Myostatin is secreted as an inactive form and requires cleavage by metalloproteinases, including the tolloid-like proteins TLL-1 and TLL-2, to form the active C-terminal dimer myostatin (Huet et al. 2001). Thus, upstream of myostatin receptors, regulation of muscle mass through myostatin can involve both synthesis of myostatin and activation of the protein via cleavage (Lee 2004, 2008). Myostatin and TLL-1 gene expression were both downregulated in winter house sparrows relative to summer sparrows (Swanson et al. 2009). Moreover, mRNA expression for either or both TLL-1 and TLL-2 were downregulated in winter relative to summer for American goldfinches (Spinus tristis) and black-capped chickadees (Poecile atricapillus, Swanson et al. 2014a). In contrast, Price et al. (2011) found that TLL-1 mRNA expression did not differ from controls for exercise-trained European starlings. Moreover, exercise- and cold-trained house sparrows showed only non-significant variation in TLL mRNA expression in trained groups compared to their controls (Zhang et al. 2015b). Thus, although some evidence suggests that modulation of myostatin and myostatin processing capacity may regulate phenotypic flexibility of metabolic capacities in birds in response to changing energy demands, this modulation does not appear to be universal for birds under all such conditions.

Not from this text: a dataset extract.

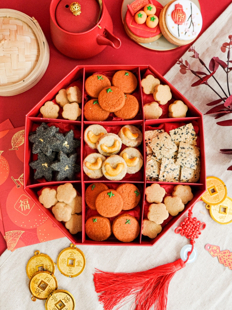 招財貓敲敲蛋糕。 幸運龍翻糖曲奇禮盒以吉祥紅色圓盒盛載,是農曆佳節饋贈親友的佳品。曲奇附有中國新年元素的圖案,包括吉祥“福”字,喜氣洋洋。無糖農曆新年全盒,內含五種不同口味的無糖曲奇,包括花生酥餅乾、黑芝麻曲奇、腰果餅乾、芝麻脆片和柳橙餅乾。精心製作的曲奇全盒,達致口感和質感的平衡,兼顧健康。

In addition to flight muscle hypertrophy, winter and migratory enhancement of lipid transport (Liknes et al. 2014; Zhang et al. 2015d) and catabolism (Marsh and Dawson 1989; Liknes and Swanson 2011a; Corder et al. 2016) also occurs in birds. Prolonged shivering thermogenesis in birds is almost exclusively fueled by exogenous lipids from adipose tissues (Swanson 2010). As a result, capacities for non-esterified fatty acid (NEFA) uptake into the myocyte and their subsequent transport to mitochondrial membranes are potential regulatory steps for lipid catabolic capacity in support of shivering (Swanson 2010; Zhang et al. 2015a). Once circulating NEFAs reach the myocyte, plasma membrane-bound fatty acid binding protein (FABPpm) and fatty acid translocase (FAT/CD36) cooperate to transport NEFAs across the endothelium, the interstitial space, and the sarcolemma to enter muscle cells (Kiens 2006; Glatz et al. 2010). The effects of winter acclimatization or migration on skeletal muscle FAT/CD36 and FABPpm levels are incompletely resolved. Some studies showed elevated FAT/CD36 and FABPpm levels during migration compared to non-migrants (McFarlan et al. 2009; Zhang et al. 2015c), but others indicated stable FAT/CD36 and FABPpm during migration or wintering (Zhang et al. 2015c, 2015d). Moreover, results from exercise and cold training studies suggest that responses of FAT/CD36 and/or FABPpm levels to increasing energy demands also vary among species (Price et al. 2010; Zhang et al. 2015a). Intramyocyte fatty acid transport in skeletal muscles is mediated by cytosolic fatty acid binding protein (FABPc) (Kiens 2006; Guglielmo 2010). FABPc also acts as an intramyocyte fatty acid receptor, acting to regulate and potentially limit fatty acid uptake (Glatz et al. 2010). Most studies of migration (Guglielmo et al. 2002; McFarlan et al. 2009), cold acclimation (Stager et al. 2015), or winter acclimatization (Liknes et al. 2014; Zhang et al. 2015d) show that increases in pectoralis FABPc levels are consistent correlates of enhanced flight and shivering performance in birds.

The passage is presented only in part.